[[ Extracted material, beginning ]]
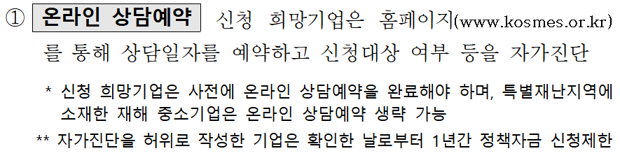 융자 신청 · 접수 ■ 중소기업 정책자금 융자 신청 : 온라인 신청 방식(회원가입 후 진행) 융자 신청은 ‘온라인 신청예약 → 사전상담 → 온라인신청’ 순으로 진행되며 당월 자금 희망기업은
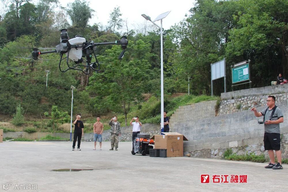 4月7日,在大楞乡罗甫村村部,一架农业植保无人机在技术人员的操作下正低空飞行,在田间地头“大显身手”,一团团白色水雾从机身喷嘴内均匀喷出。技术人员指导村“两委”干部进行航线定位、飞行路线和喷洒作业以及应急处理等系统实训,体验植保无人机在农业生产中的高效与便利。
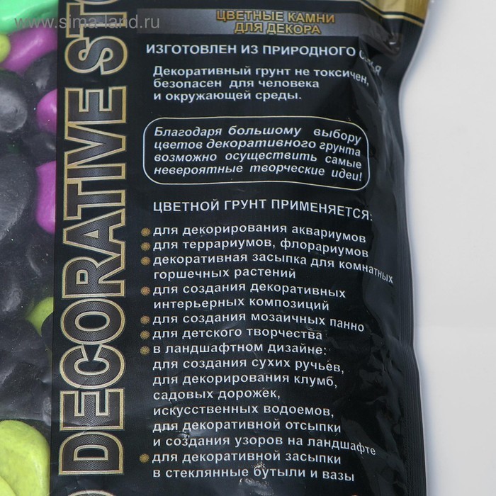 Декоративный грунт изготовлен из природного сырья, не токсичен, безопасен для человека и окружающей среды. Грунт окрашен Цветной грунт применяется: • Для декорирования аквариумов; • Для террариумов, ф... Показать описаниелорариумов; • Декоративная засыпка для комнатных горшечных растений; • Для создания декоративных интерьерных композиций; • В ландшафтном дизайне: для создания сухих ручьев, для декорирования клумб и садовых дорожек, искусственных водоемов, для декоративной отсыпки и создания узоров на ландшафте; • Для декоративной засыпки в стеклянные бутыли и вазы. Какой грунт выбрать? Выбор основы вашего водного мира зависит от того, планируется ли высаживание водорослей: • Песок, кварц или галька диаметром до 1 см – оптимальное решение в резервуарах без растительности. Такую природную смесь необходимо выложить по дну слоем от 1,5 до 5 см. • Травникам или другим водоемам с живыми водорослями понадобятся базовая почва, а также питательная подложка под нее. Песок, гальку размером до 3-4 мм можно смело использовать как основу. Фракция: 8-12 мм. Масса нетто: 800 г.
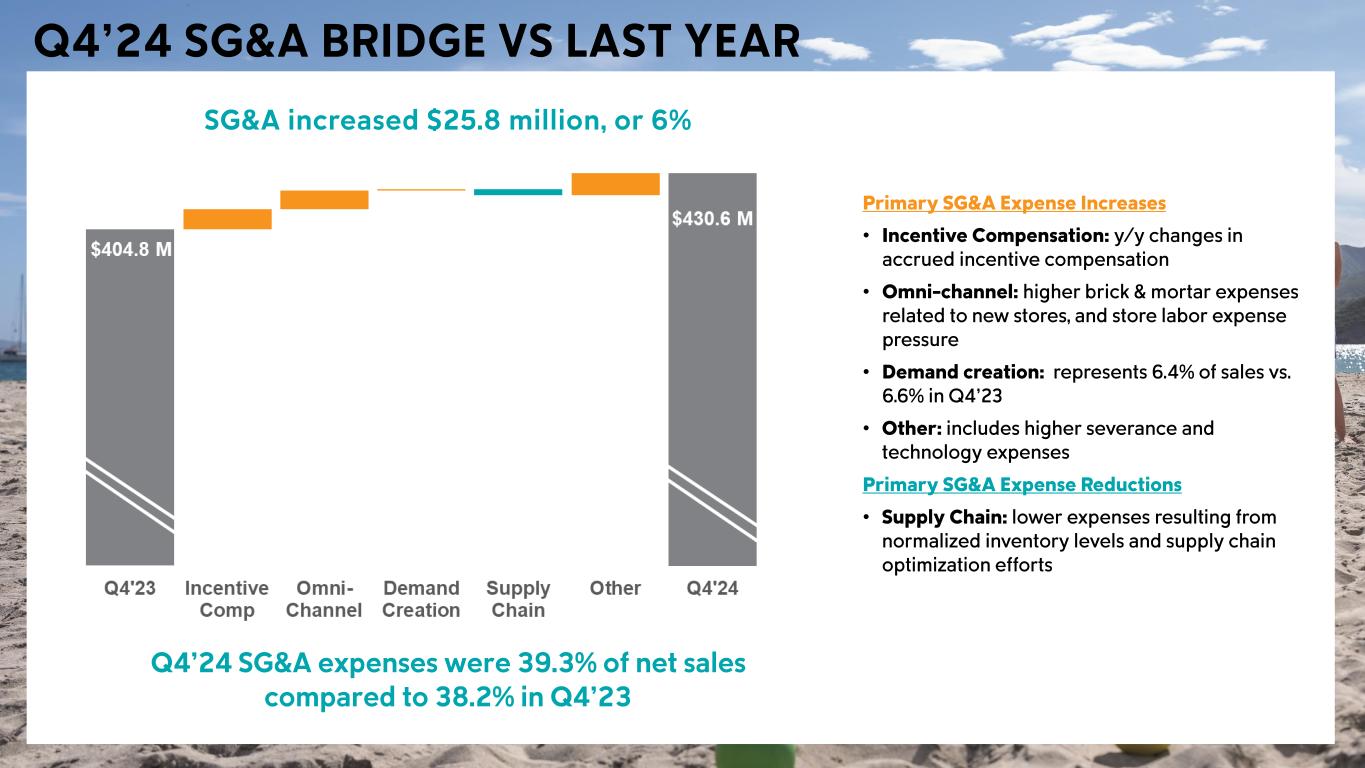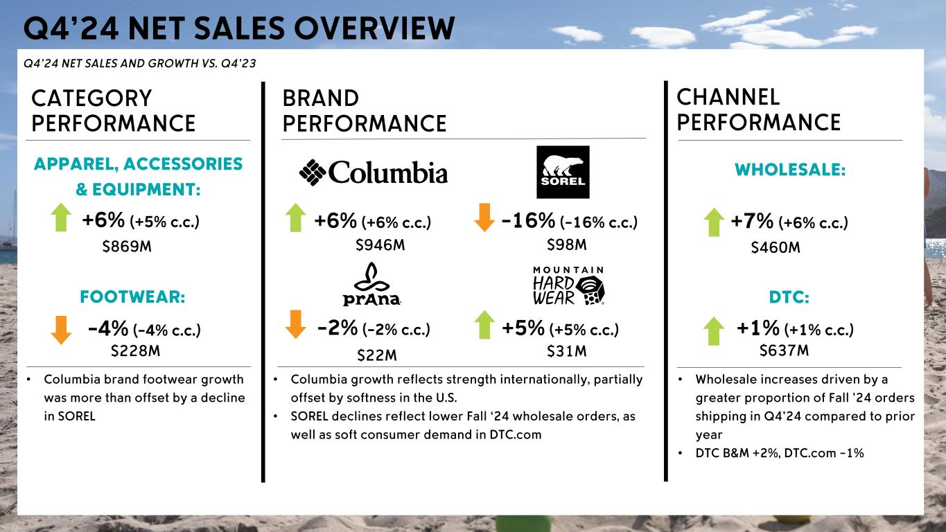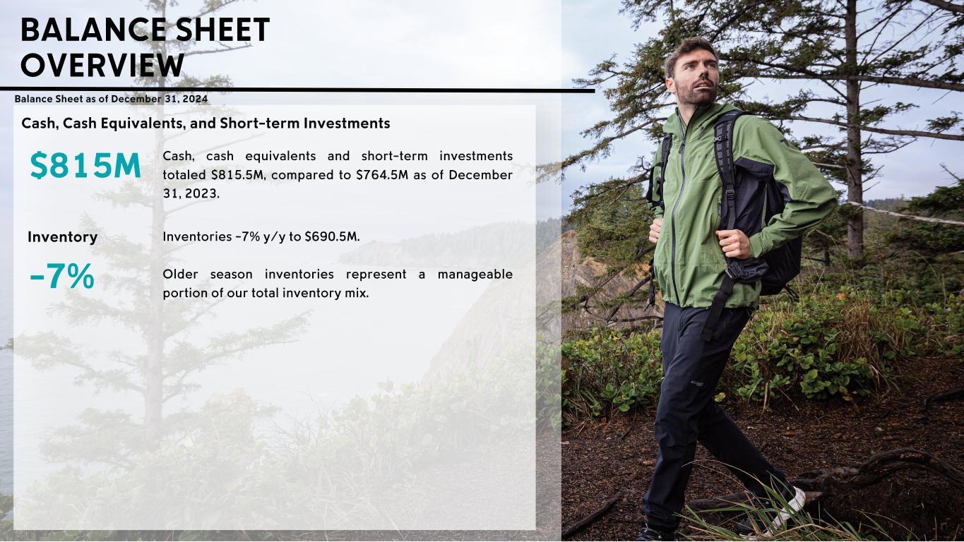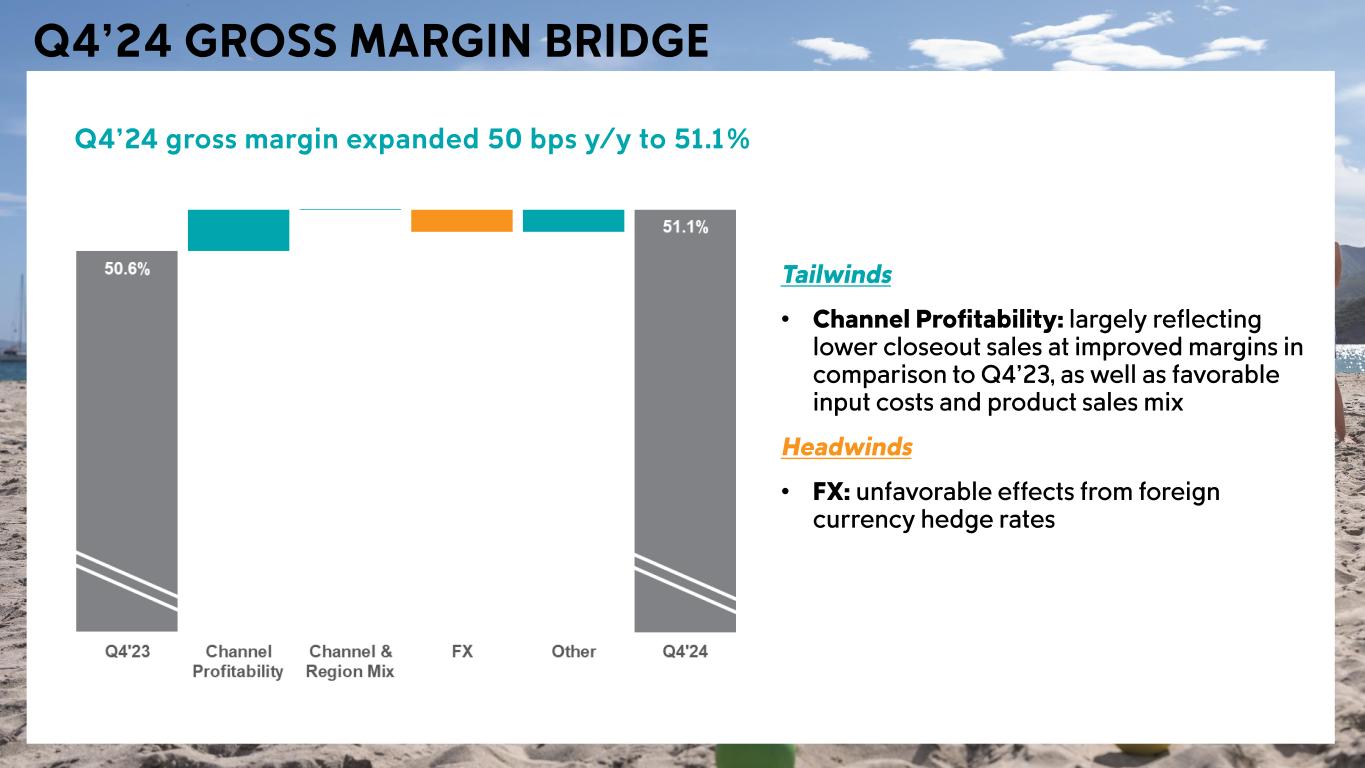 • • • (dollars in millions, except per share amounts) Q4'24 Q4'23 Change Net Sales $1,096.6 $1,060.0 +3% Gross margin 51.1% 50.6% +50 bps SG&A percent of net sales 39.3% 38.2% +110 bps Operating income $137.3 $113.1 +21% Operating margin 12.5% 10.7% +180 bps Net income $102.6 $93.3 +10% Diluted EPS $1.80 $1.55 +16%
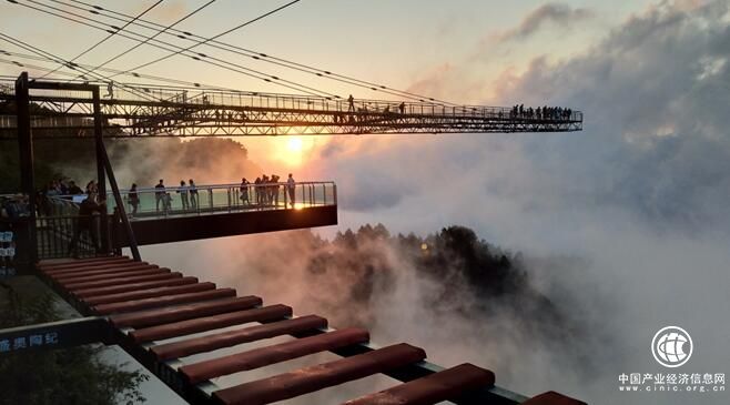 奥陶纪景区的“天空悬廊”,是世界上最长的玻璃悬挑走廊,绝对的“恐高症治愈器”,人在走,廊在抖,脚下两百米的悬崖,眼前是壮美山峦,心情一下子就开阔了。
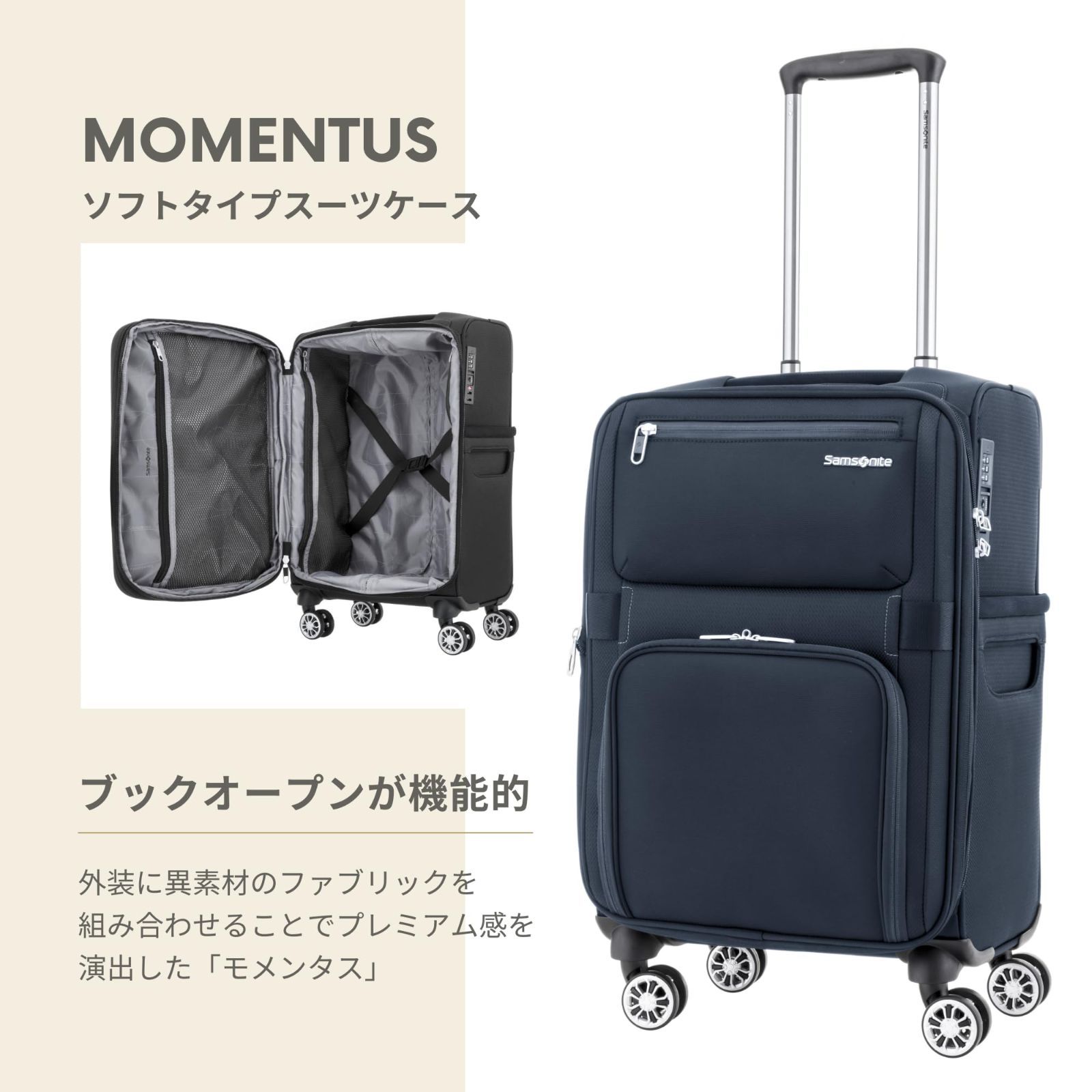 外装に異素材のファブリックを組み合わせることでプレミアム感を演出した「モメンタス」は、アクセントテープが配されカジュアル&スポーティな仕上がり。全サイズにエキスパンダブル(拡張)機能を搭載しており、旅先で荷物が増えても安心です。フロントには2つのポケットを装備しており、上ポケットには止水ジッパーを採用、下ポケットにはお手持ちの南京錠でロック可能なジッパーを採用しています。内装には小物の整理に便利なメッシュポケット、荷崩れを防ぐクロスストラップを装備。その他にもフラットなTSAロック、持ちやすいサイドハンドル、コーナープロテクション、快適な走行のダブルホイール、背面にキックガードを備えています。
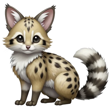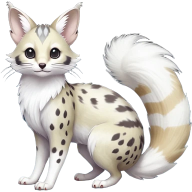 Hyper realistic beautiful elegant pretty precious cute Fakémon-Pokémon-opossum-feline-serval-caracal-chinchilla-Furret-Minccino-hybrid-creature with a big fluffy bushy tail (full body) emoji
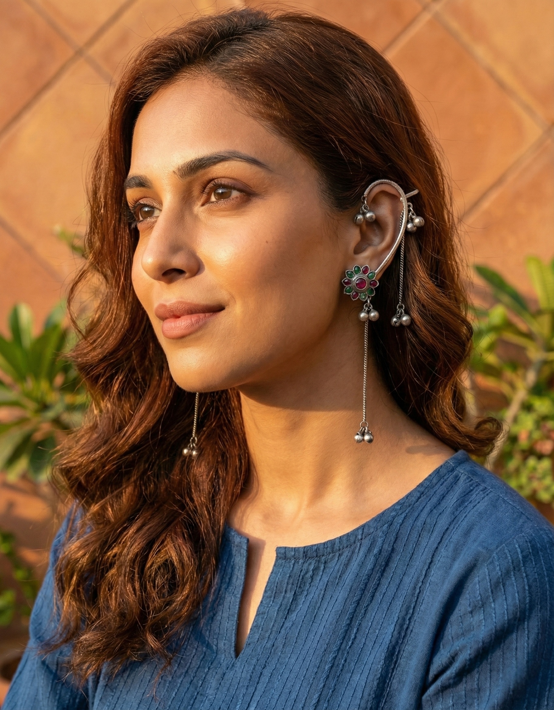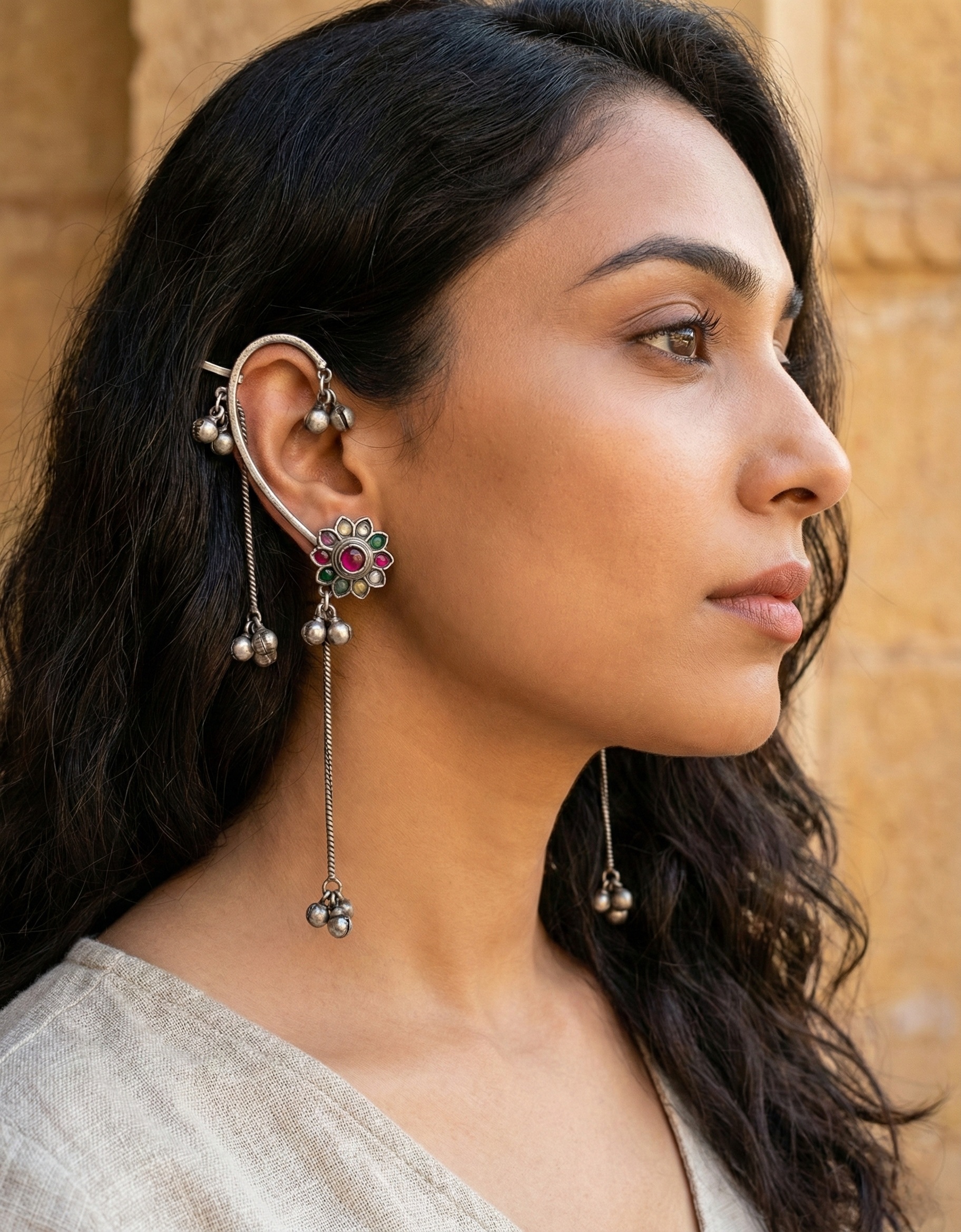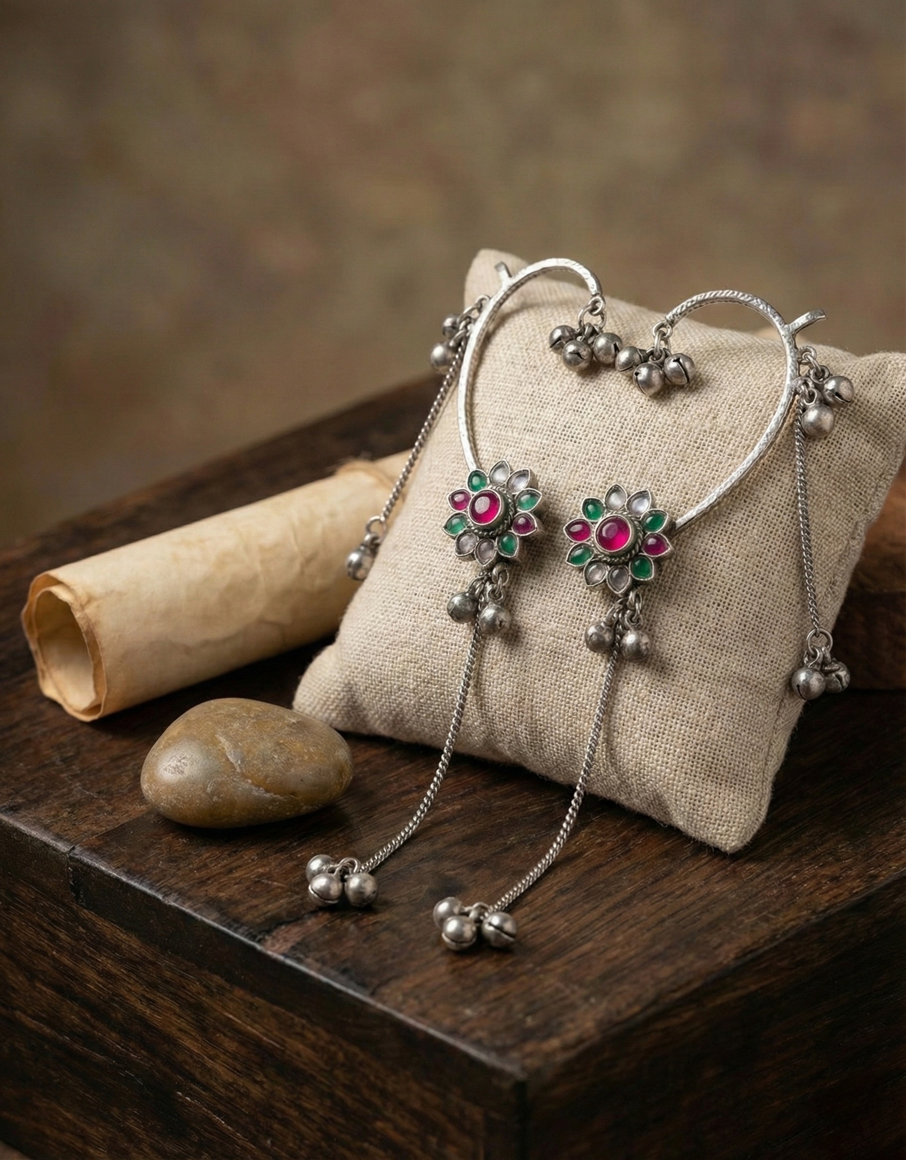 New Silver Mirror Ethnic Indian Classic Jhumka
[[ Extracted material, end ]]
Assigned task
Repeat, with no pictures, each line from the beginning of the data through the line containing "Декоративный грунт изготовлен", inclusive.

Response
 융자 신청 · 접수 ■ 중소기업 정책자금 융자 신청 : 온라인 신청 방식(회원가입 후 진행) 융자 신청은 ‘온라인 신청예약 → 사전상담 → 온라인신청’ 순으로 진행되며 당월 자금 희망기업은
 4月7日,在大楞乡罗甫村村部,一架农业植保无人机在技术人员的操作下正低空飞行,在田间地头“大显身手”,一团团白色水雾从机身喷嘴内均匀喷出。技术人员指导村“两委”干部进行航线定位、飞行路线和喷洒作业以及应急处理等系统实训,体验植保无人机在农业生产中的高效与便利。
 Декоративный грунт изготовлен из природного сырья, не токсичен, безопасен для человека и окружающей среды. Грунт окрашен Цветной грунт применяется: • Для декорирования аквариумов; • Для террариумов, ф... Показать описаниелорариумов; • Декоративная засыпка для комнатных горшечных растений; • Для создания декоративных интерьерных композиций; • В ландшафтном дизайне: для создания сухих ручьев, для декорирования клумб и садовых дорожек, искусственных водоемов, для декоративной отсыпки и создания узоров на ландшафте; • Для декоративной засыпки в стеклянные бутыли и вазы. Какой грунт выбрать? Выбор основы вашего водного мира зависит от того, планируется ли высаживание водорослей: • Песок, кварц или галька диаметром до 1 см – оптимальное решение в резервуарах без растительности. Такую природную смесь необходимо выложить по дну слоем от 1,5 до 5 см. • Травникам или другим водоемам с живыми водорослями понадобятся базовая почва, а также питательная подложка под нее. Песок, гальку размером до 3-4 мм можно смело использовать как основу. Фракция: 8-12 мм. Масса нетто: 800 г.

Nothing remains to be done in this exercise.